The Tax Court appears to have taken the view that the total consideration received by Gordon Oil Company for the conveyance of its working interest in the leases and the tangible property located thereon was $3,850,000, of which $250,000 was represented by the cash payment and $3,600,000 by the reserved production payment. At least it indicated in its opinion that it did not regard the cash payment of $250,000 as the total purchase price upon which to compute Gordon Oil Company's gain or loss. The court did not, however, suggest that the reserved production payment of $3,600,000 was to be regarded as taxable income and it appears to have assumed that the petitioners were basing their claim upon the theory that a loss had been suffered upon the sale of the tangible property considered separately. We think it is clear that the facts are not susceptible to these conclusions.
It would not be correct to hold that the production payment of $3,600,000 constituted part of the purchase price paid by Morrow and Meadows to Gordon Oil Company for the conveyance by the agreement of May 7, 1951 of the working interest in the leases and the tangible property thereon. For the 85% share of the working interest from the proceeds of which this sum was to be realized was expressly excepted from the conveyance by and reserved to Gordon Oil Company. The company never parted with this interest and it, accordingly, has no bearing upon the problem of the amount of the gain or loss derived by the company from the sale of what it actually did sell and convey to Morrow and Meadows. See Palmer v. Bender, 1933, 287 U.S. 551, 53 S. Ct. 225, 77 L. Ed. 489; Thomas v. Perkins, 1937, 301 U.S. 655; Commissioner of Internal Revenue v. Fleming, 5 Cir., 1936, 82 F.2d 324; Columbia Oil & Gas Co. v. Commissioner of Internal Rev., 5 Cir., 1941, 118 F.2d 459.
It is clear that the adjusted basis for determining gain or loss of all the property sold by Gordon Oil Company to Morrow and Meadows was $332,518.70. Since Gordon Oil Company's leases had been fully depleted, this figure represented the basis of the leaseholds and tangible property combined, and not merely of the tangible property alone, as the Tax Court assumed. Since the total consideration received by Gordon Oil Company upon the sale was $250,000 it becomes clear that the company suffered on the transaction the loss of $82,518.70 which it claimed.

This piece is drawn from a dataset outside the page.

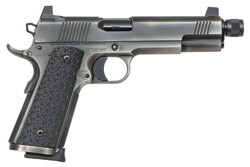 The Dan Wesson Wraith is Government-size 1911. It comes with a threaded barrel and high set night sights to make this pistol suppressor ready. Get one today at the best price online from GrabAGun!
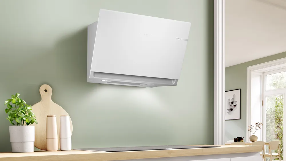 Campana decorativa de pared Bosch Serie 6 DWK81AN20, de 80 cm en cristal blanco. Diseño moderno y elegante, con potente capacidad de extracción, motor EcoSilence y control táctil para una cocina silenciosa, eficiente y estilizada.

The respondent argues that Gordon Oil Company received consideration for the property conveyed in addition to the sum of $250,000 in cash. He contends that the reserved production payment and the rights and privileges attributable thereto which are provided for in the agreement were also such consideration. We have already pointed out, however, that the production payment was not given to the company by Morrow and Meadows but was reserved by the company out of the greater interest which it already owned. The so-called visitorial privileges, rights of inspection, and other covenants contained in the agreement between Gordon Oil Company and Morrow and Meadows related to and were attributable only to the reserved production payment and form no part of the consideration for the property which Morrow and Meadows received by conveyance from the company. We conclude that the Tax Court erred in denying to the petitioners the benefit of the loss deduction which they claim.
The decisions of the Tax Court will be reversed and the causes will be remanded with directions to enter decisions in favor of the petitioners.